[[ Raw data open ]]

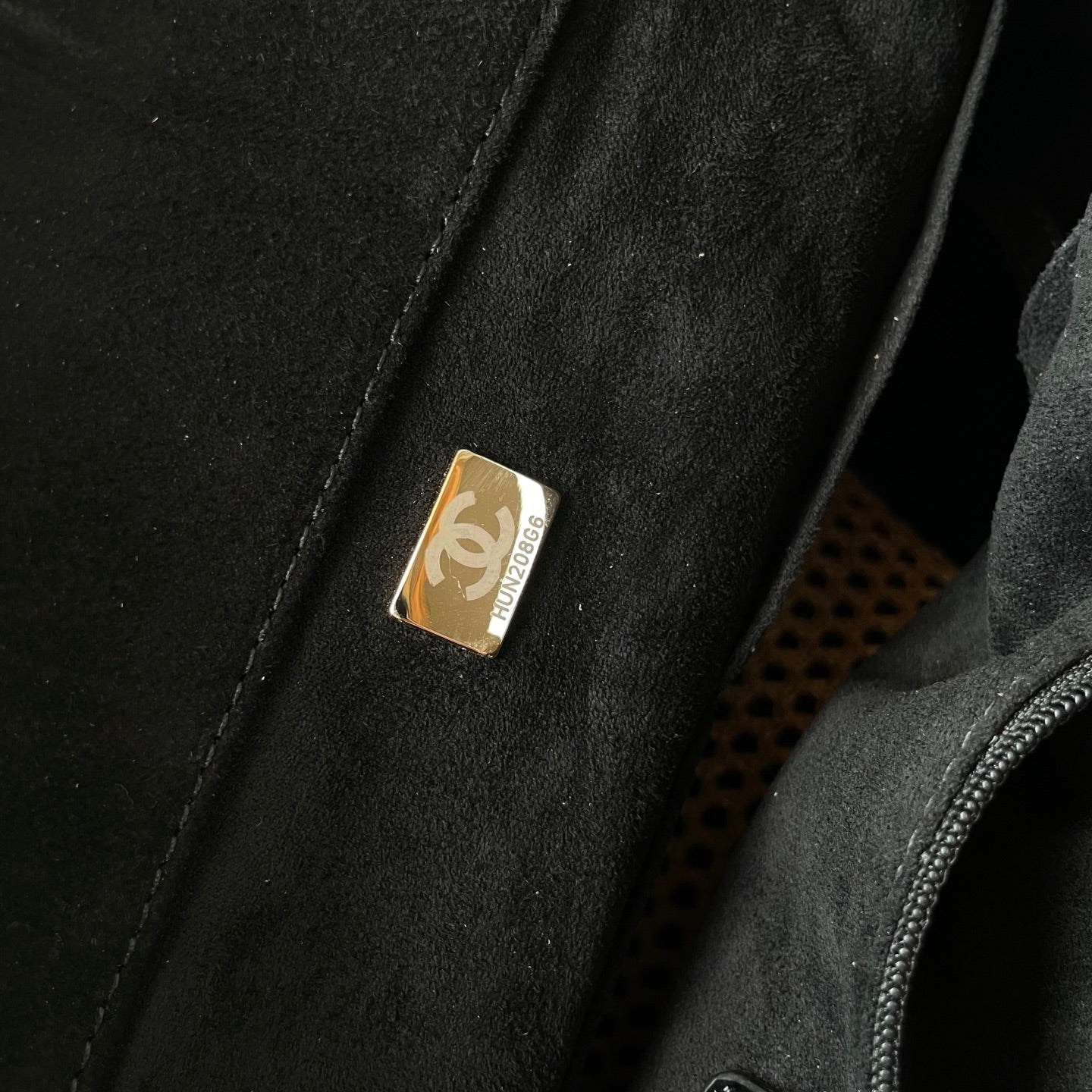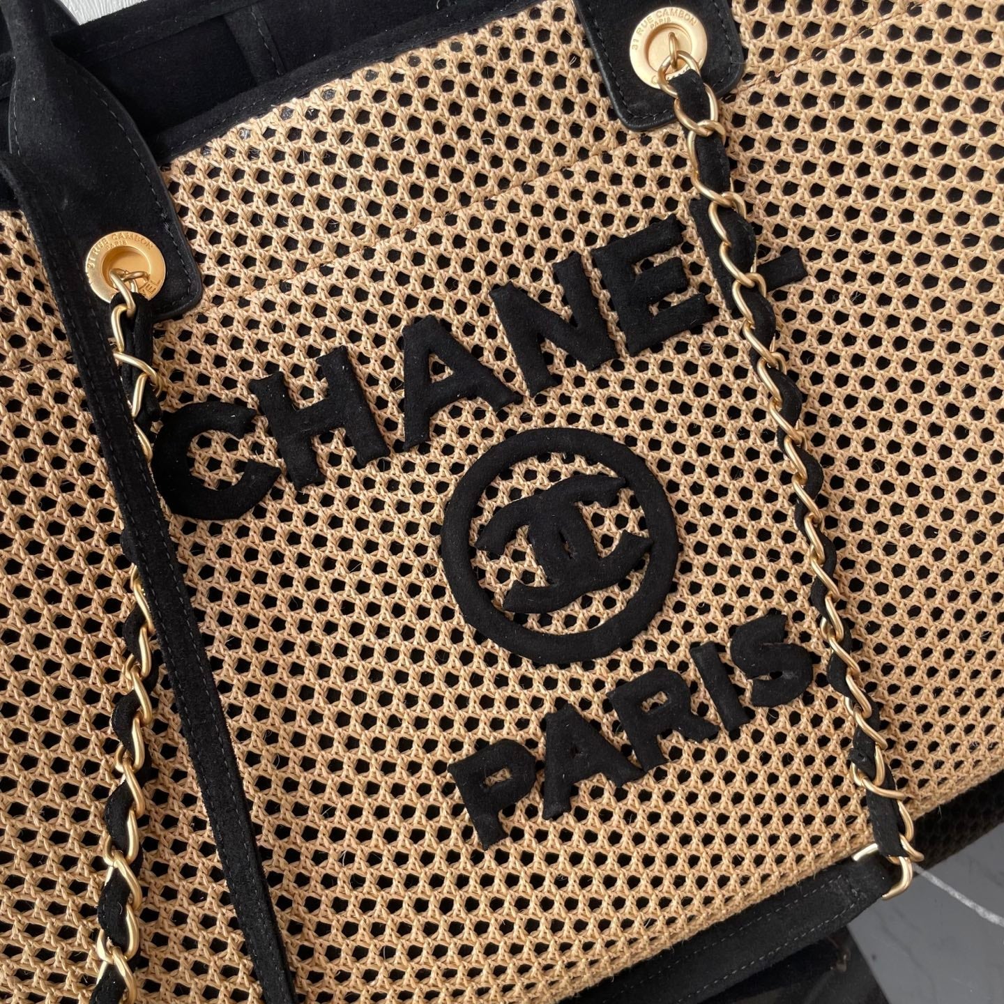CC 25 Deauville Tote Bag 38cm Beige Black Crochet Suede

[[ Raw data closed ]]
[[ Raw data open ]]

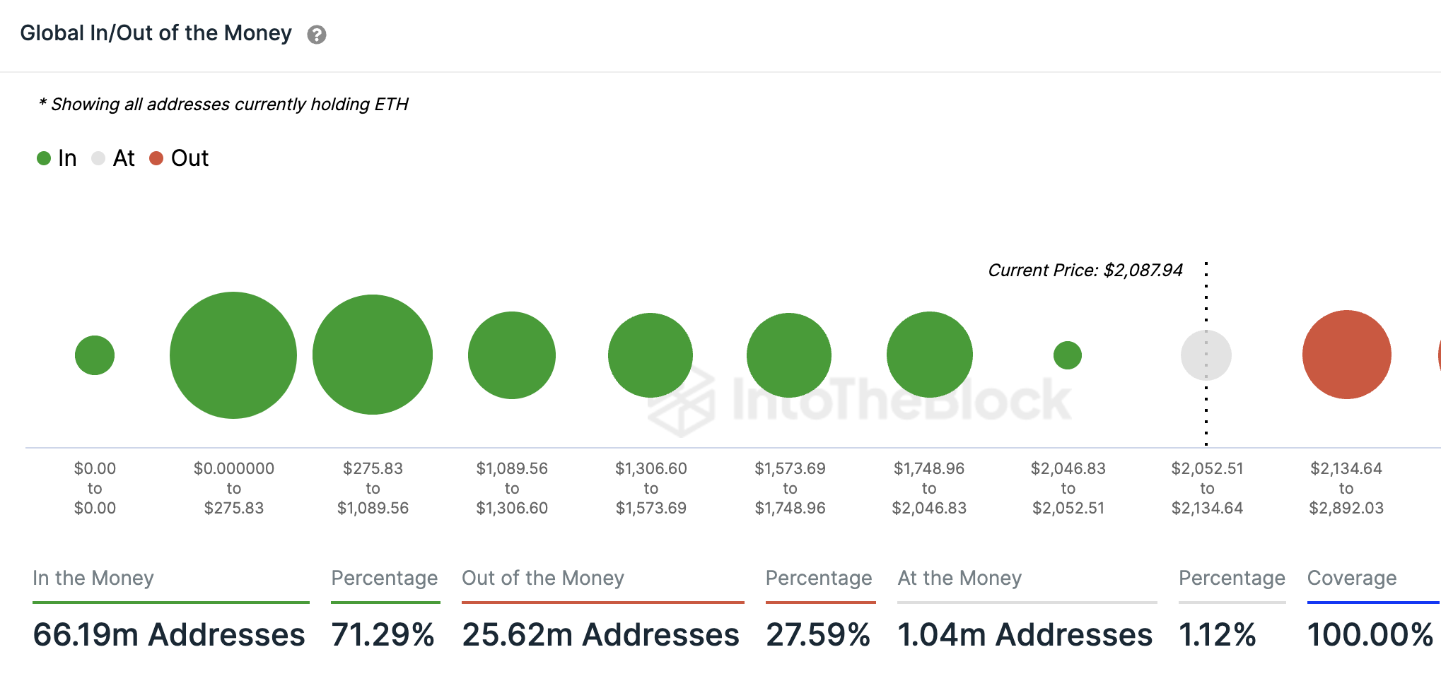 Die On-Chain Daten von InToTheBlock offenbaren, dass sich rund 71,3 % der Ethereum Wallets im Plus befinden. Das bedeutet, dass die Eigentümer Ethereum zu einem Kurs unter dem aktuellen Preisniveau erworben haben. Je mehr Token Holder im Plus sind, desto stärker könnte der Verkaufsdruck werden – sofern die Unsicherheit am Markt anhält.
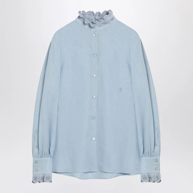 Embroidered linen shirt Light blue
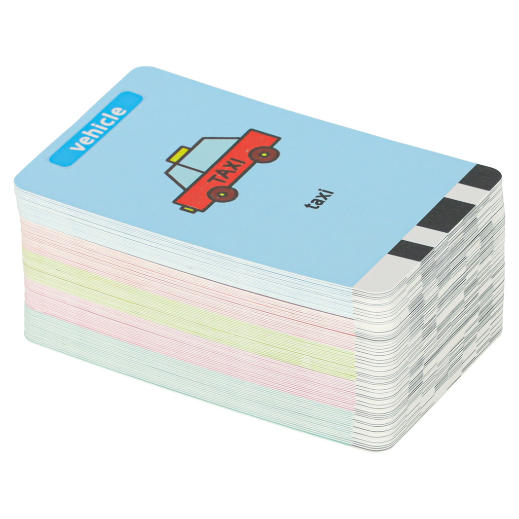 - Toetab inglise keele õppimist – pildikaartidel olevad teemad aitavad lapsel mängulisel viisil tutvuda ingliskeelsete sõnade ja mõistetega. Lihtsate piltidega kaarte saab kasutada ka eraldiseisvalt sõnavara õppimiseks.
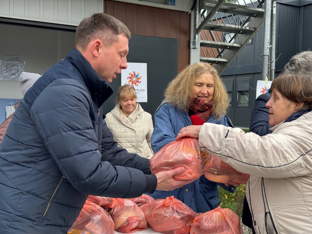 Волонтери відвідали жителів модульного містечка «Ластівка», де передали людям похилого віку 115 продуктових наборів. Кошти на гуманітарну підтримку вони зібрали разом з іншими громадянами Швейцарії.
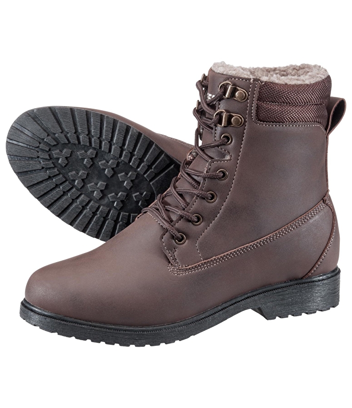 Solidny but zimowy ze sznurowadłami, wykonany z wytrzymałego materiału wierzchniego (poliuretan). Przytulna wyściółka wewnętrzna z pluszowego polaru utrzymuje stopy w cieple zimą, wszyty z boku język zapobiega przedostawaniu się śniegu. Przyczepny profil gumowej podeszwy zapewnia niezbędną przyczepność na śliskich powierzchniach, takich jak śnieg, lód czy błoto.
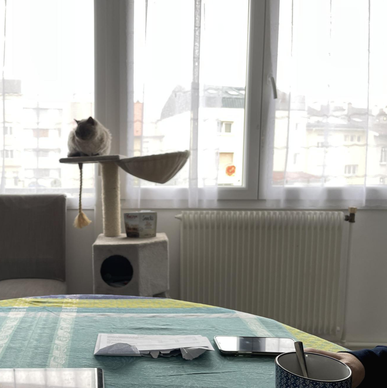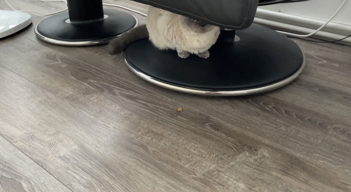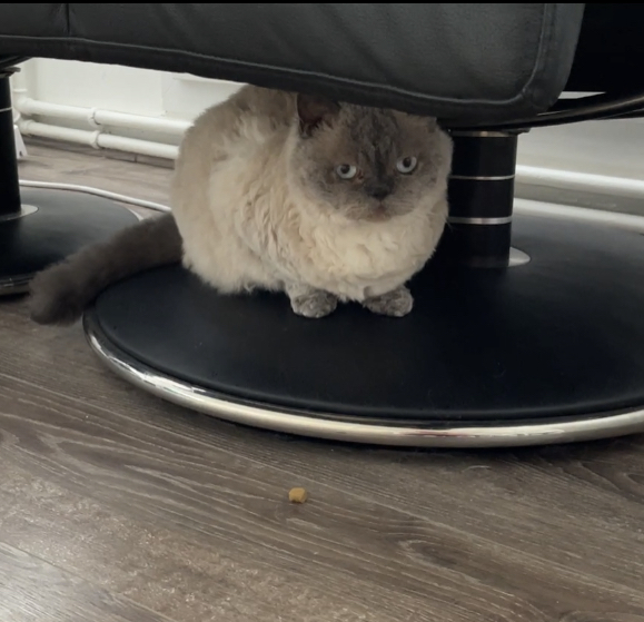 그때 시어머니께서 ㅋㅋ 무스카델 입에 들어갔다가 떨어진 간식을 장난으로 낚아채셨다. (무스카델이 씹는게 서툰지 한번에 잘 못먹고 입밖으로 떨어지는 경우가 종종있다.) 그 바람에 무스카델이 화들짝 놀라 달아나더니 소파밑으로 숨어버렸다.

[[ Raw data closed ]]
[[ Raw data open ]]

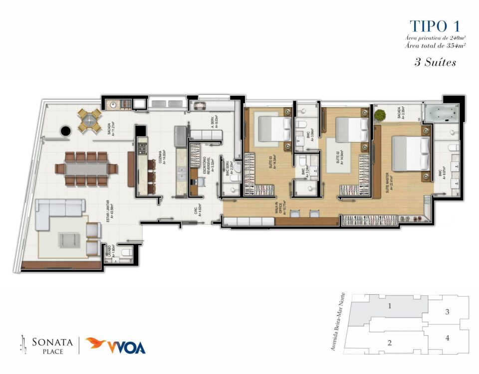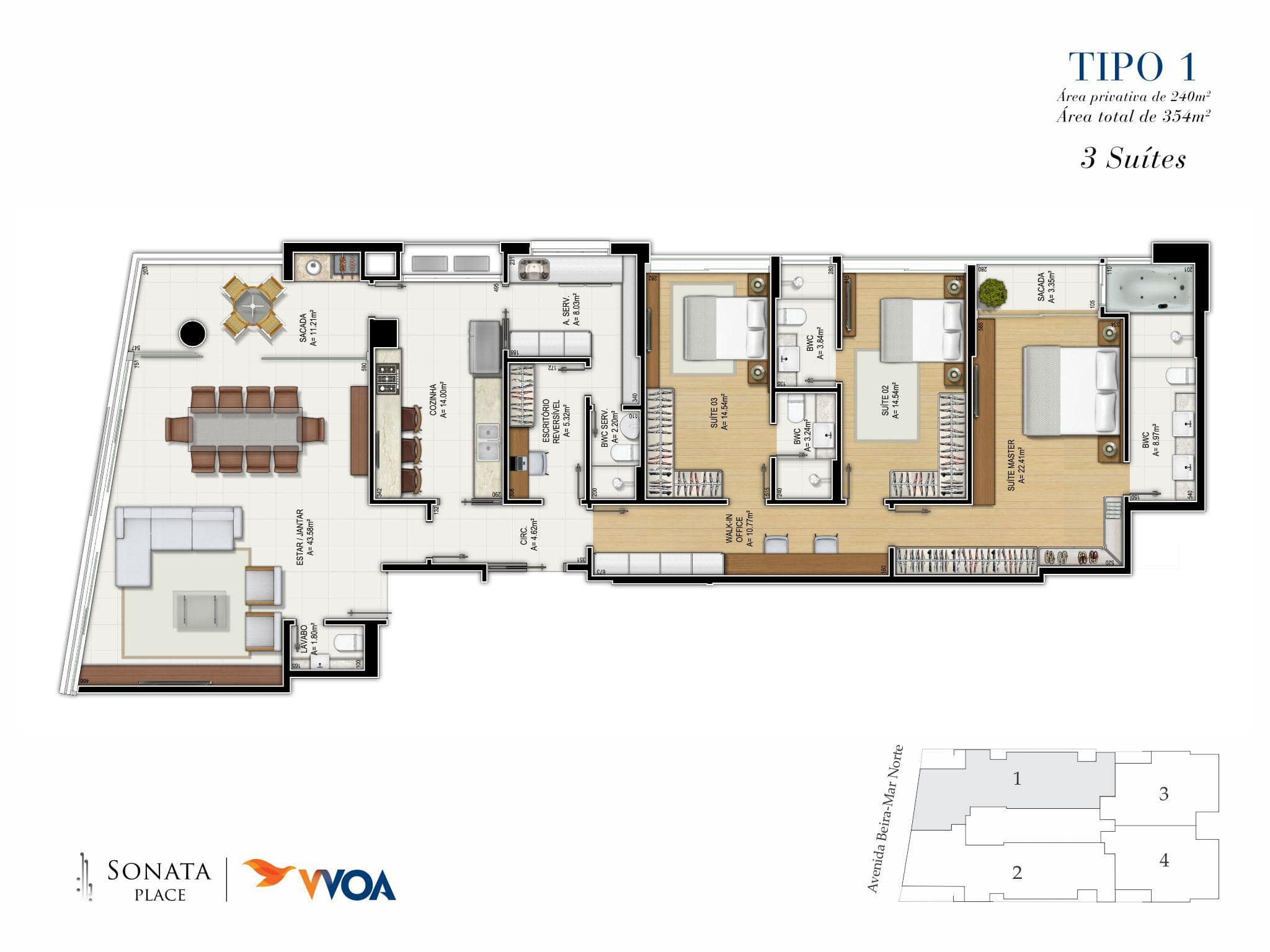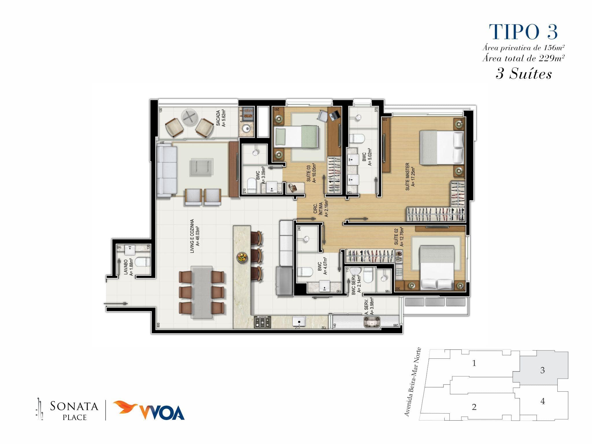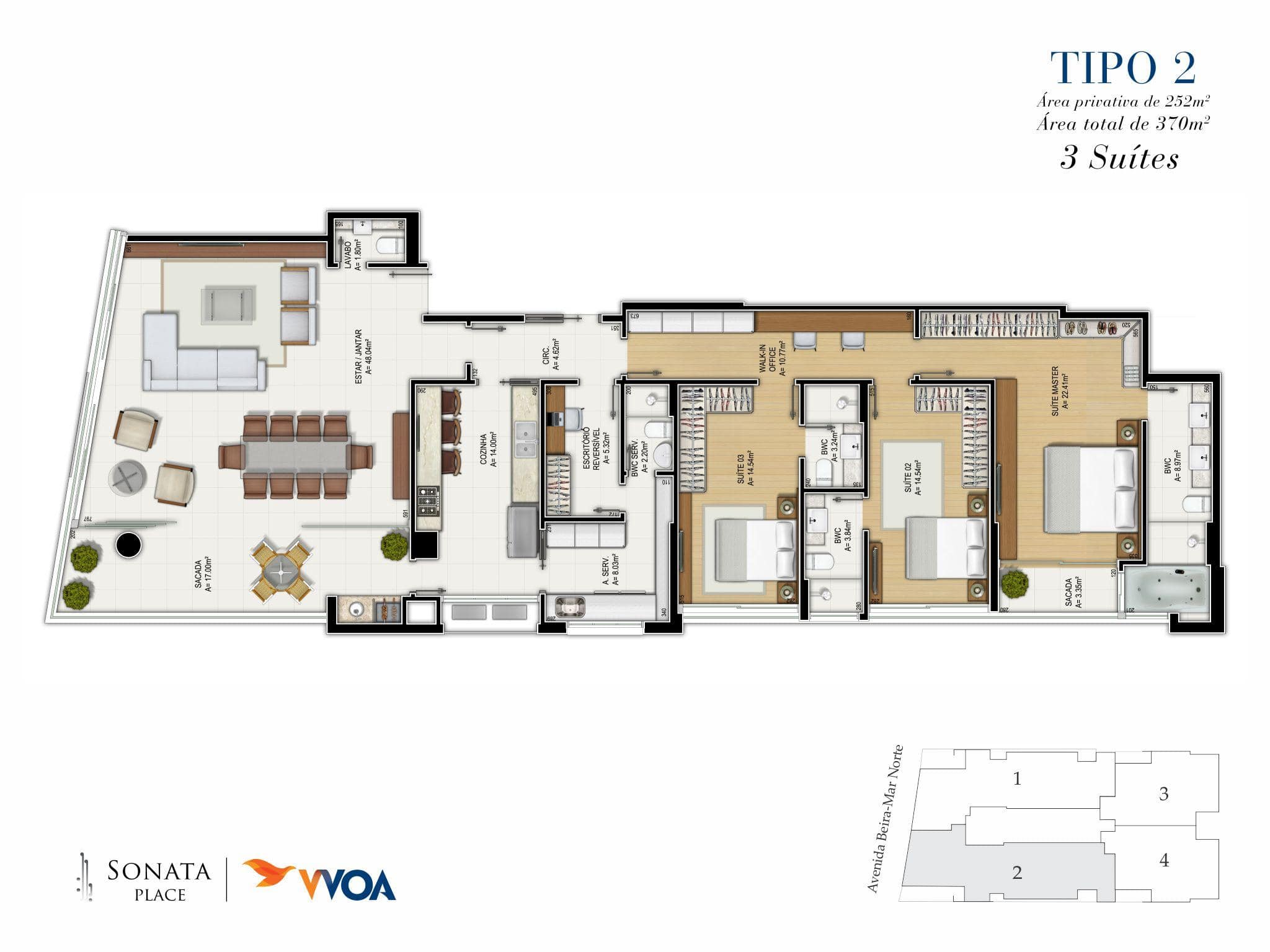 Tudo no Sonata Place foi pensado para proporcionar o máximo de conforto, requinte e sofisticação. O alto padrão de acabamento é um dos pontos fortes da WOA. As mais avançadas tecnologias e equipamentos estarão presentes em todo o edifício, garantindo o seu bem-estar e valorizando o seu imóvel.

[[ Raw data closed ]]

_Task to carry out_
Print the line above containing "Die On-Chain Daten", the line containing "Волонтери відвідали жителів", and everything between them, exactly as written. Pictures stay out.

_Answer to this exercise_
 Die On-Chain Daten von InToTheBlock offenbaren, dass sich rund 71,3 % der Ethereum Wallets im Plus befinden. Das bedeutet, dass die Eigentümer Ethereum zu einem Kurs unter dem aktuellen Preisniveau erworben haben. Je mehr Token Holder im Plus sind, desto stärker könnte der Verkaufsdruck werden – sofern die Unsicherheit am Markt anhält.
 Embroidered linen shirt Light blue
 - Toetab inglise keele õppimist – pildikaartidel olevad teemad aitavad lapsel mängulisel viisil tutvuda ingliskeelsete sõnade ja mõistetega. Lihtsate piltidega kaarte saab kasutada ka eraldiseisvalt sõnavara õppimiseks.
 Волонтери відвідали жителів модульного містечка «Ластівка», де передали людям похилого віку 115 продуктових наборів. Кошти на гуманітарну підтримку вони зібрали разом з іншими громадянами Швейцарії.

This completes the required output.